管理職の給料

「人手不足」であるのに「人余り」になっているそうだ。ミスマッチが起きているらしい。

取り巻く日本社会が悪いとか会社が悪いと言っていても始まらない。結局は自分がどのように生きたいかで決めるしかない。

管理職になるほど、付加価値を生むことが難しくなる。管理職として日々忙殺されているとしても、その忙殺されている職務が、いったいいくらの利益を生み出しているのかを考えなければいけない。

年収1000万円の人で、1日8時間、月20日働いているとしたら、年間1920時間の労働です。それで年収を割ってみると、時給は5208円。日給にしたら4万1664円です。

日経ビジネス

自分の職務が、最終的にどのようにして利益貢献につながっているのかを考えない幹部が増えだすことから、組織は知らず知らずのうちに若さを失い、退嬰していく。

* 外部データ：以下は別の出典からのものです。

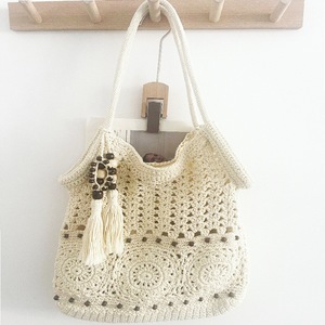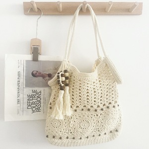 懒惰风单肩棉线编织包木珠流苏镂空大容量草编包度假风沙滩棉线包

日給4万円の価値を生み出していなければ、近い将来、人事体制がJob型にでもなれば早々に配転の対象になる。

違う視点で、同じことを考えてみると、自分が組織グループの上層部にいるとして、もし、自分でなければ今の売上、今の利益が出ていないかを考えなければ自分の価値は評価されない。

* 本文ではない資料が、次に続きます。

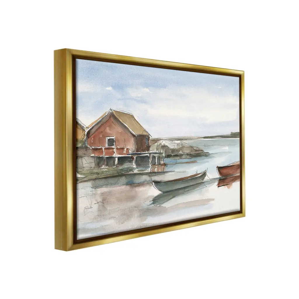 Elevate your home or office to the next level with Stupell Framed Floating Canvas Wall Art. Our premium hand-stretched canvas is mounted securely into a sturdy lightweight frame. The museum-style gap between the wrapped canvas and the box frame gives the illusion of floating artwork. Stupell Wall Art is made in the USA.Features: Dimensions: 21 x 1.7 x 17 Frame, 20 x 1.5 x 16 Canvas ArtFloating Frame Canvas Products are available in sizes 21"x17" and 31"x25". All Floating Frame Canvas Products have a 1.7" Depth.Wall Art is Ready to Hang with Hardware Free Hanging. No Installation required. For Easy Set Up Lean or Layer Artwork on Shelf or Against Wall. Artwork is Permently Fixed into the Frame.Our elevated 1.7" Thick Floating Frame is the perfect complement to our canvas style Wall Art. We use only the highest quality inks in house with industry leading printing solutions. Canvas is hand stretched over a durable wood foundation and then mounted securly into a Modern Box Frame. Made in the USA.Artwork Relates To: Boat, Shack, Water, Waterfront, Dinghy, Watercraft, Lake, Pond, Beach, CoastalDesign by Ethan Harper

どこのテレビ局とは言わない。なぜなら、「帝王」とか「天皇」が君臨している組織では、「帝王」「天皇」に好まれることが延命の重要なポイントにでもなっているなら、「日産」のようなことになると真っ先に切られてしまう。

日本では「生産性」が低いといわれるようになって久しい。ここでいう「生産性」となると1人当たりのGDPになるが、企業で言うなら、とどのつまり一人当たりの利益でしかない。

さしたる改善できないのであれば、まず、残業を含め経費を切り詰めていく。しかし、それでは利益体質が健全化できるわけではない。不健全であるから生産性が伸びないのである。

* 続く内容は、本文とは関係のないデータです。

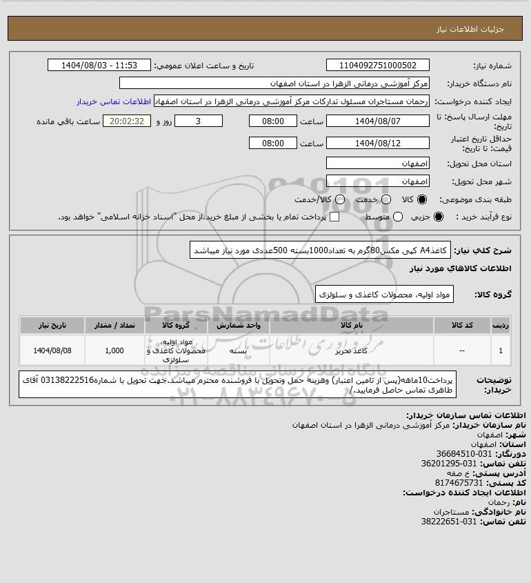 شرح کلی نیاز: کاغذA4 کپی مکس80گرم به تعداد1000بسته 500عددی مورد نیاز میباشد

その原因は人事制度だけではないのは自明のことである。東芝やシャープのような経営判断のミスもあれば、日産のような時流に乗り遅れたブランド力の低下などもある。

とはいえ、真っ先に粛清の対象になるのが利益貢献が少ない管理職になる。管理職年齢となると転職も難しい。

世の中は「DX」「AI」とトレンドがどんどん変わっている。深く知る必要もないけれど核心的エッセンスだけは押さえ、自分なりに常に意識することが求められていくことが、企業人としての延命になる。

ついでをいうなら、人材の流動化が世間的な認知が上がれば、よそで自分の能力なり経験を活かせるチャンスだって増えるだろう。それには解雇規制を緩和しなければならないし、それを受け入れるセイフティネットを充実させなければならない。

社会変革が起きない限り管理職にとって、ますます厳しい時代になって行くことだけは間違いがない。仮に、企業から放逐されても最低で3年は食いつなげる資産を持つことが、次なるチャンスに対して有利に展開することもできる。

常に、前向きの努力と後ろ向きの備えを両立させておくことが、これからの管理職社員の生き方になる。